Saturday, October 24, 2015

CONDEMNED TO BE FREE


[The title of this entry is a quotation from its subject, Sartre, to the effect that man’s freedom is equated with his responsibility for his own actions.]

The great and controversial Jean-Paul Sartre (1905-1980) used to be famous in Russia of my time as much, if not more, for his politics, as for his peculiar existential philosophy. He was a fiercely independent thinker who was particularly respected for his habitual practice of standing up to his friends no less than to his enemies.

He was never a Marxist, as it is impossible to identify him with any specific political movement or ideology (as he was himself loath to do), but his political position has been described as “being close to Marxism.” He was an enemy of all tyranny and vociferously protested equally against the actions of the USSR in Hungary in 1956 and in Czechoslovakia in 1968; of the United States in Cuba and Vietnam; and of his own France in Algeria.

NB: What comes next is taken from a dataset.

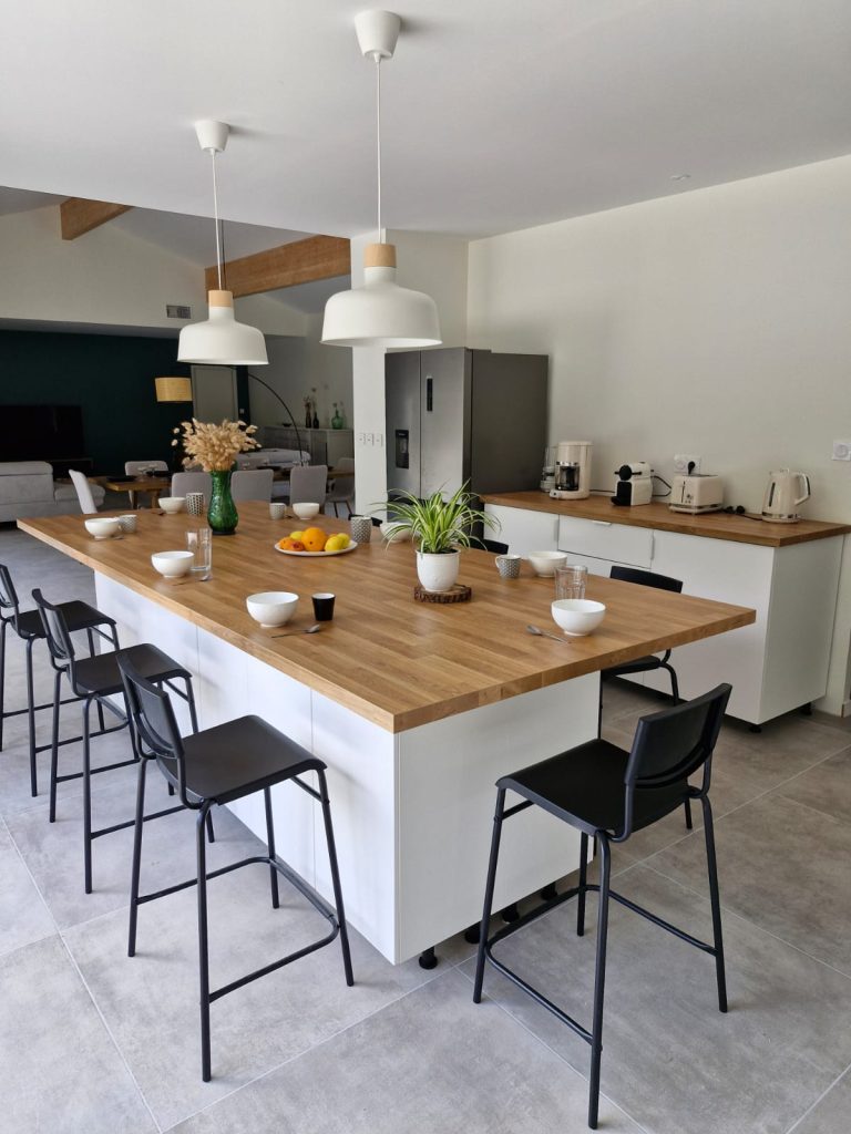 Cuisine équipée avec îlot central ouverte sur le salon et la salle à manger, 3 chambres avec 1 lit double et 1 autre avec 2 lits superposés, salle d'eau avec douche et WC.

He welcomed Castro’s revolution in Cuba, but later quarreled with Castro over his treatment of the political prisoners in Cuba. In 1964, despite his protestations before the fact, he was awarded the Nobel Prize for Literature, but he still refused to accept it, explaining this by his unwillingness to be used as a political pawn in the Cold War between East and West. (He stressed that he was particularly averse to receiving the Prize from the well-known anti-Soviet organization, the Nobel Committee, at the time when he was sharply critical of the USSR, and his selection could well be seen as his reward for that criticism. Curiously, this reminds me of my maternal grandfather Mitrophan, an ultra-conservative monarchist in his younger pre-Revolution years, who had given refuge from the Tsarist government to a firebrand revolutionary whom he thoroughly detested, just because he was his fellow student, and especially because Mitrophan detested the fellow’s anti-Government views, and did not wish to be misconstrued.)

Sartre’s most famous novel La Nausée published in 1938 has become known as his Manifesto of Existentialism, the philosophy which he professed and became the face of. In his words, existentialism that is humanism,” and his political life and philosophy always lived up to this understanding.

One of the key concepts of Sartrean philosophy is the concept of freedom, an absolute which is precedential to man’s essence. His freedom is not some inactive freedom of the spirit, but the most fundamental freedom of choice, which cannot be taken away from man under any circumstances. Even a prisoner is free to make his decision whether to give up or keep fighting. Existence is the constantly living moment of activity, taken subjectively. It is not a steady substance, but a never-ending imbalance. The “I” in-itself has no meaning. It is through man’s activity that a meaning is given to the external world. Outside such activity, all objects are merely data, that is, passive and inert circumstances. By giving them meaning through his activity, the man forms himself as a certain individuality.

Closely related to the concept of freedom is that of alienation. Modern individuum is an alienated being: his individuality is standardized, subjugated to various social institutions, such as the state itself. The alienated man has problems with material objects: they oppress him by their overbearing existence, causing a nausea. In counterbalance to this, Sartre posits the immediacy and wholesomeness of human relationships.

Finally, there is the peculiar Sartrean concept of dialectics. The essence of dialectics is the synthetic unity of the whole (totalization), since only within one whole the laws of dialectics have a meaning. (This is actually much closer to Hegel than any of the more common interpretations! It also throws some extra bright light on the much abused Gentilean concept of “totalitarismo.” See my numerous challenging entries on totalitarianism throughout this blog.) The individuum totalizes the material circumstances and his relationships with other people, and himself creates history just as much as this history creates him. (This is already an influence of Marx’s interactive metaphysics of matter and consciousness!) Objective economic and social structures present themselves as an alienated superstructure over the internal individual elements of the project. Totalization expands the space of individual freedom, as the individuum realizes that history is being created by him.

Sartre insists that dialectics originates with the individual, and consistently denies dialectics to nature.

…All of the above clearly shows that despite certain derivative elements, Sartre is a noteworthy and original philosopher, who deserves a further study from us, and he shall undoubtedly get it, time and circumstances permitting. Of a special additional interest to me will be the connection between his and Dostoyevskyan philosophies, since Sartre himself acknowledges Dostoyevsky’s particular influence on his thinking. Needless to say, I am looking forward to this challenge with great relish.